Ferlinghetti had heard Ginsberg read Howl in 1955 at the Six Gallery; the next day, he offered to publish it along with other shorter poems. William Carlos Williams — who was Ginsberg's childhood Pediatrician and himself a future Pocket Poet with a 1957 edition of his early modernist classic, Kora in Hell (1920) — was recruited for an introduction, perhaps to lend literary justification to Howls depictions of drug use and homosexuality. Prior to publication, Ferlinghetti had asked, and received, assurance from the American Civil Liberties Union that the organization would defend him, should he be prosecuted for obscenity.

Published in November 1956, Howl was not long in generating controversy. In March 1957, local Collector of Customs Chester MacPhee seized a shipment from England of the book's second printing on grounds of obscenity, but he was compelled to release the books when federal authorities refused to confirm his charge. In June of that year, local police raided City Lights Bookstore and arrested store manager Shigeyoshi Murao on the charge of offering an obscene book for sale. Ferlinghetti, then in Big Sur, turned himself in on his return to San Francisco. Both faced a possible $500 fine and a 6-month sentence. (Ginsberg was in Tangiers at the time, and not charged.) The ACLU posted bail, assigned defense counsel Albert Bendich to the case, and secured the pro bono services of famous criminal defense lawyer J. W. Ehrlich.

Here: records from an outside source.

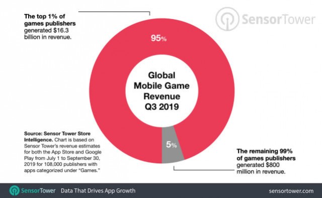 在游戏收入方面,我们看到的差距最大。在2019年第三季度,苹果和谷歌应用商店中的全球游戏带来了163亿美元收入,其中收入最高的1%(445家)发行商持有155亿美元,占总收入的95%,剩下的8亿美元由其余99%(44029家)发行商瓜分,平均每家收入略高于18100美元。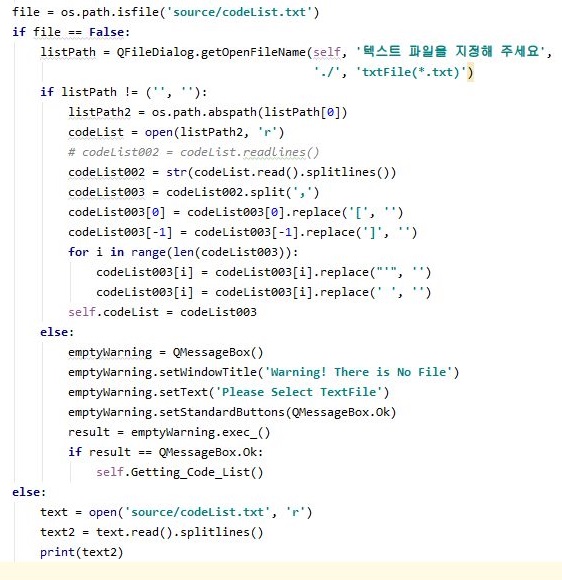 먼저 해야 할 것은 일단 텍스트 파일에서 읽어온 코드 리스트를 리스트 형태로 변환시켜서 어떻게 사용할 수 있도록 만들어 주는 식으로 바꾸어야 합니다.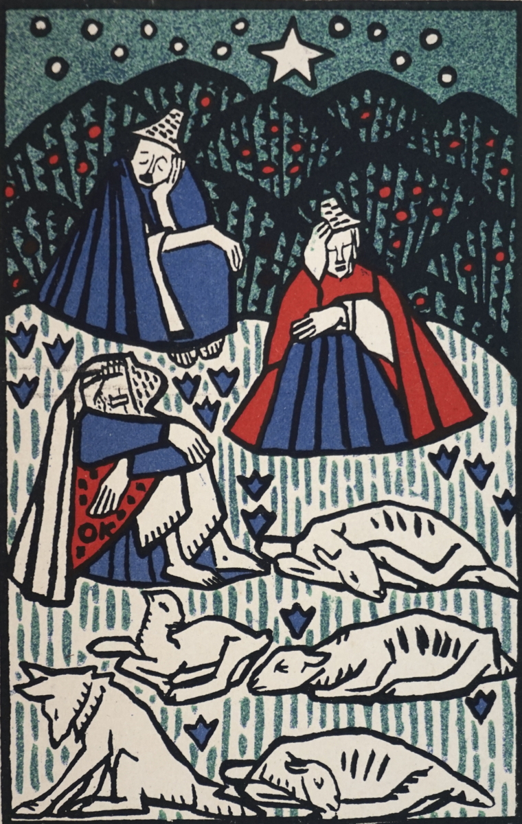 Drei Hirten, Hund und Schafe, Wiener Werkstätte Postkarte Nr. 116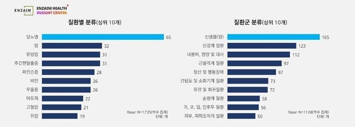질환별로는 당뇨병 관련 환자단체가 65개로 가장 많았다. 암(32개), 유방암(31개), 추간판탈출증(31개), 파킨슨병(28개) 단체가 뒤를 이었으며, 질환군 분류에서는 신생물(암) 관련 단체가 165개로 1위, 신경계질환(123개), 내분비·영양·대사질환(112개) 순을 보였다.

The municipal court trial, presided over by Judge Clayton W. Horn, ran from August 16 to September 3, 1957. The charges against Murao were dismissed since it couldn't be proved that he knew what was in the book. Then, during the trial of Ferlinghetti, respected writers and professors testified for the defense. Judge Horn rendered his precedent-setting verdict, declaring that Howl was not obscene and that a book with "the slightest redeeming social importance" merits First Amendment protection. Horn's decision established the precedent that paved the way for the publication of such hitherto banned books as D. H. Lawrence's Lady Chatterley's Lover and Henry Miller's Tropic of Cancer. The media attention resulting from the trial stimulated national interest, and, by 1958, there were 20,000 copies in print. Today there are over a million. Ginsberg continued to publish his major books of poetry with the press for the next 25 years. Even after the publication by Harper & Row of his Collected Poems in 1980, he would continue his warm association with City Lights, which served as his local base of operations, for the rest of his life.